Problem:
Your copy should contain exactly the lines from the start of the material through the line containing "Rizal May/Tabita Christian", and no pictures.
Start of Block
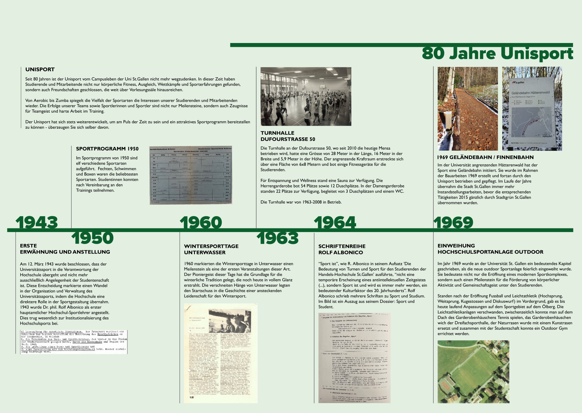 Der Unisport St.Gallen leistet einen massgebenden Beitrag zu den gesellschaftlich relevanten Themen Sport, Bewegung, Gesundheit, Leistung, Persönlichkeitsentwicklung und Inklusion sowie regionalen und internationalen Vernetzung. Damit fördert der Unisport St.Gallen integrativ denkende und handelnde Persönlichkeiten und verantwortungsvolles Handeln und eine integrative Wissensversorgung in den Themenbereichen Sport, Gesundheit und Persönlichkeit.
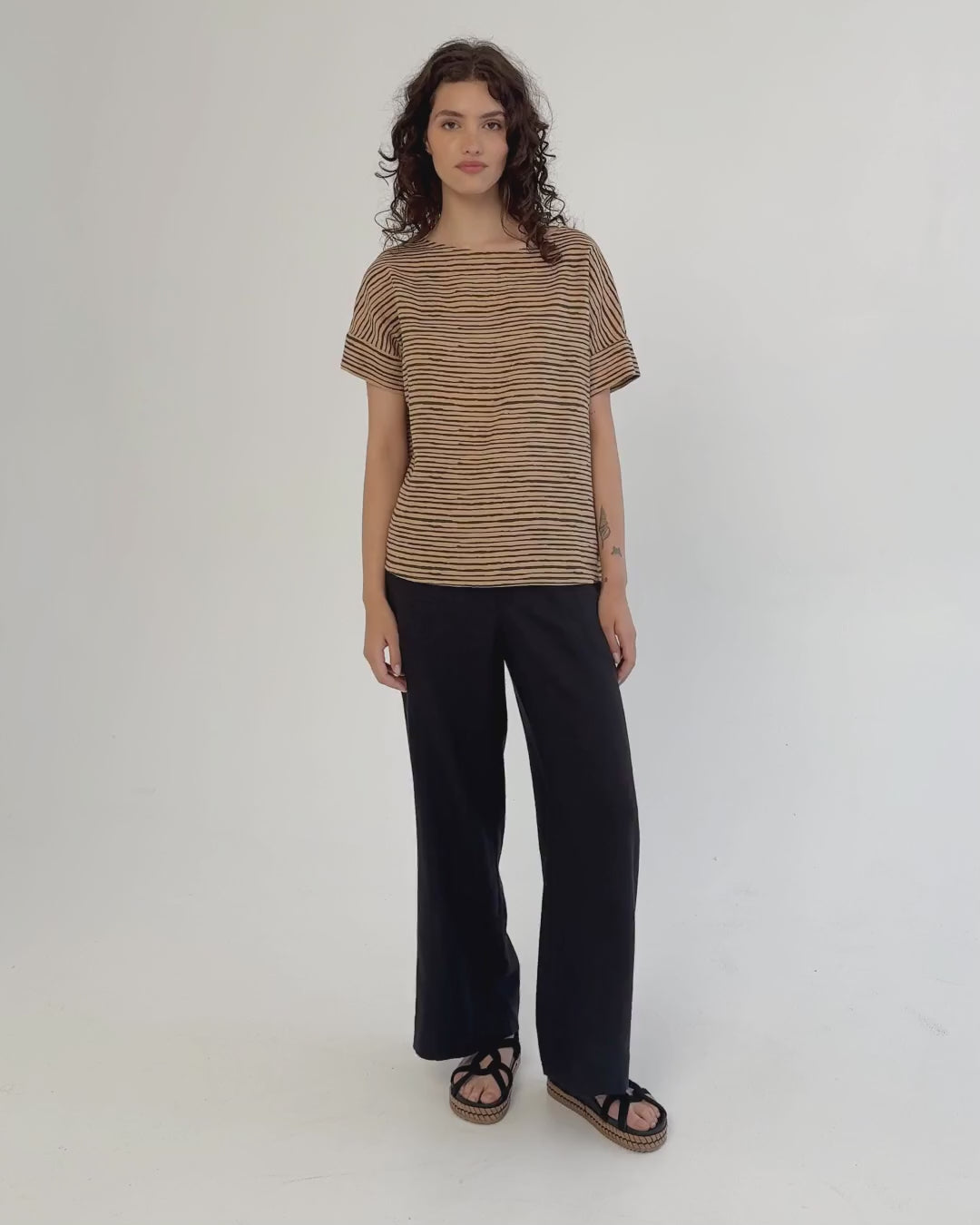 The CALABRIA top in Inked Lines brings a quiet sophistication to casual wear. Crafted from breathable, lightweight linen, this short-sleeved top features a soft boat neckline and gently rolled cuffs. Its loose, relaxed fit allows for effortless layering or standalone wear during warmer months. The ink-toned stripe pattern offers a subtle texture and depth while maintaining a minimal and clean look.
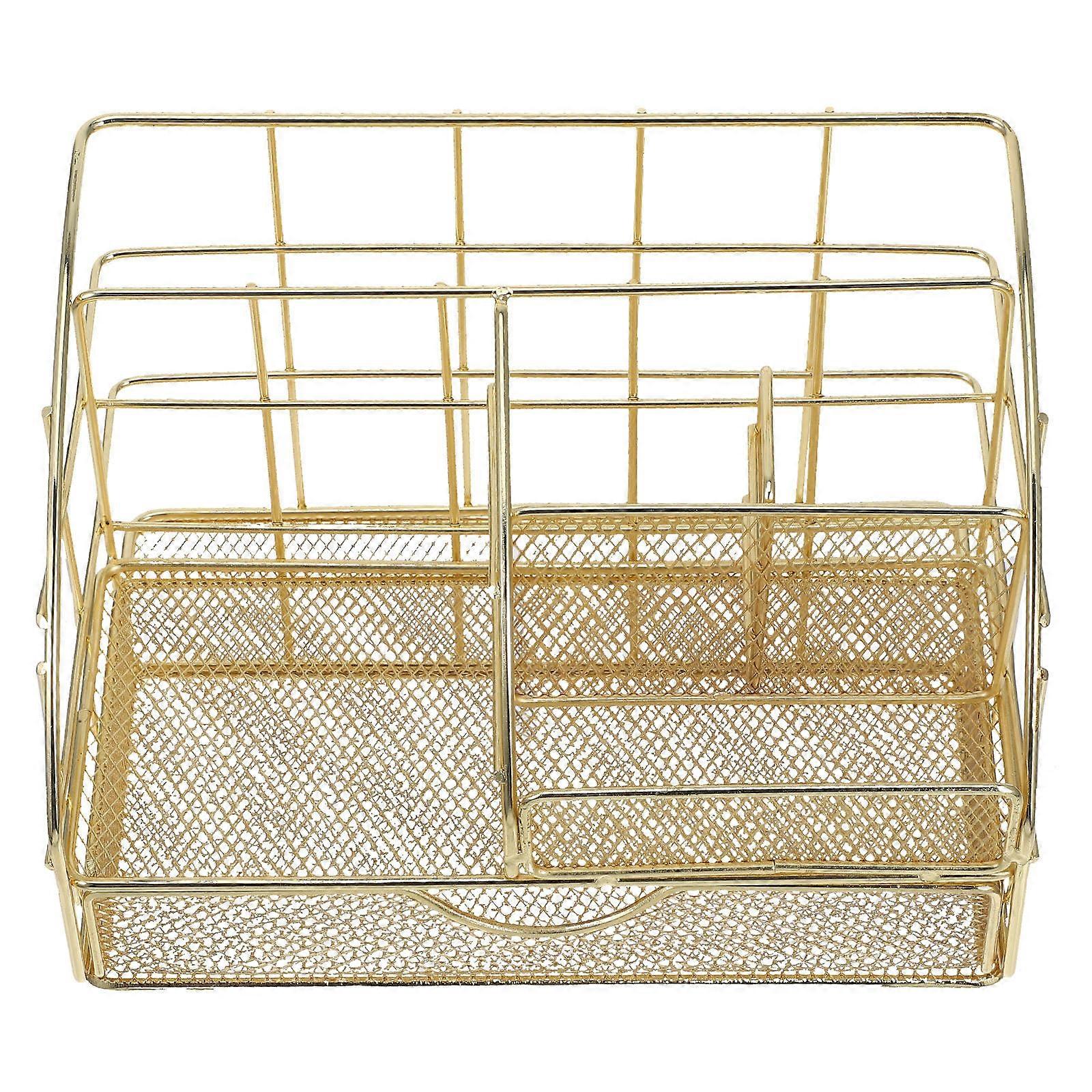 Golden Iron File Storage Rack for Desktop Book Organizer
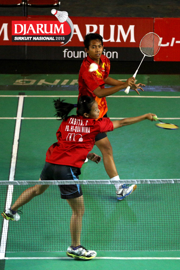 Rizal May/Tabita Christian (Hi Qua Wima) melepaskan serangan ke arah Aldy Dwi/Millenia Falidety (Suryanaga Surabaya).
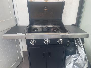 Vendo per inutilizzo robusto barbecue a gas, perfetto per grigliate in giardino o sul terrazzo. Il modello è dotato di 3 bruciatori indipendenti con accensione rapida. Il barbecue è perfettamente funzionante. Come visibile dalle foto, presenta normali segni di utilizzo all'interno della camera di cottura e sulle griglie (usato una decina di volte), ma la struttura esterna e i bruciatori sono in buone condizioni. Nel prezzo compreso anche il telo di copertura e la bombola a gas.
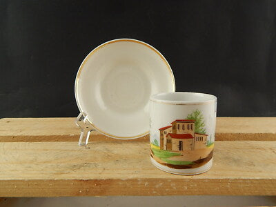 In questa inserzione viene presentata una tazza con il suo piattino in porcellana realizzata in Francia all'inizio del 1800 decorata a mano policroma e rifinita in oro zecchino
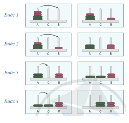 2. Chỉ được xếp đĩa có đường kính nhỏ hơn lên trên đĩa có đường kình lớn hơn. Trong quá trình chuyển được phép dùng cột B làm cọc trung gian.
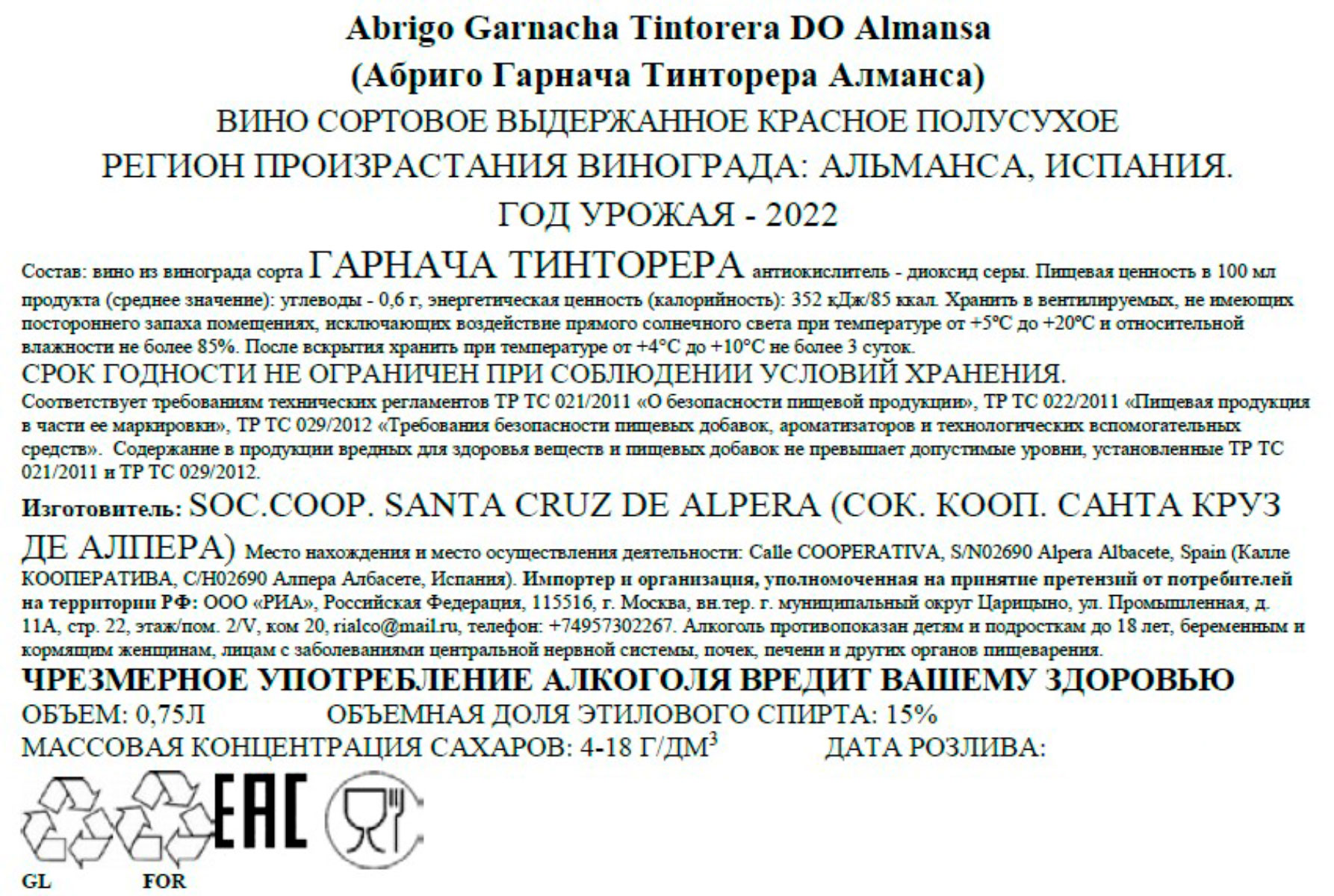 Вино Абриго Гарнача Тинторера Алманса красное полусухое 0,75 л
End of Block
Answer for the task:
 Der Unisport St.Gallen leistet einen massgebenden Beitrag zu den gesellschaftlich relevanten Themen Sport, Bewegung, Gesundheit, Leistung, Persönlichkeitsentwicklung und Inklusion sowie regionalen und internationalen Vernetzung. Damit fördert der Unisport St.Gallen integrativ denkende und handelnde Persönlichkeiten und verantwortungsvolles Handeln und eine integrative Wissensversorgung in den Themenbereichen Sport, Gesundheit und Persönlichkeit.
 The CALABRIA top in Inked Lines brings a quiet sophistication to casual wear. Crafted from breathable, lightweight linen, this short-sleeved top features a soft boat neckline and gently rolled cuffs. Its loose, relaxed fit allows for effortless layering or standalone wear during warmer months. The ink-toned stripe pattern offers a subtle texture and depth while maintaining a minimal and clean look.
 Golden Iron File Storage Rack for Desktop Book Organizer
 Rizal May/Tabita Christian (Hi Qua Wima) melepaskan serangan ke arah Aldy Dwi/Millenia Falidety (Suryanaga Surabaya).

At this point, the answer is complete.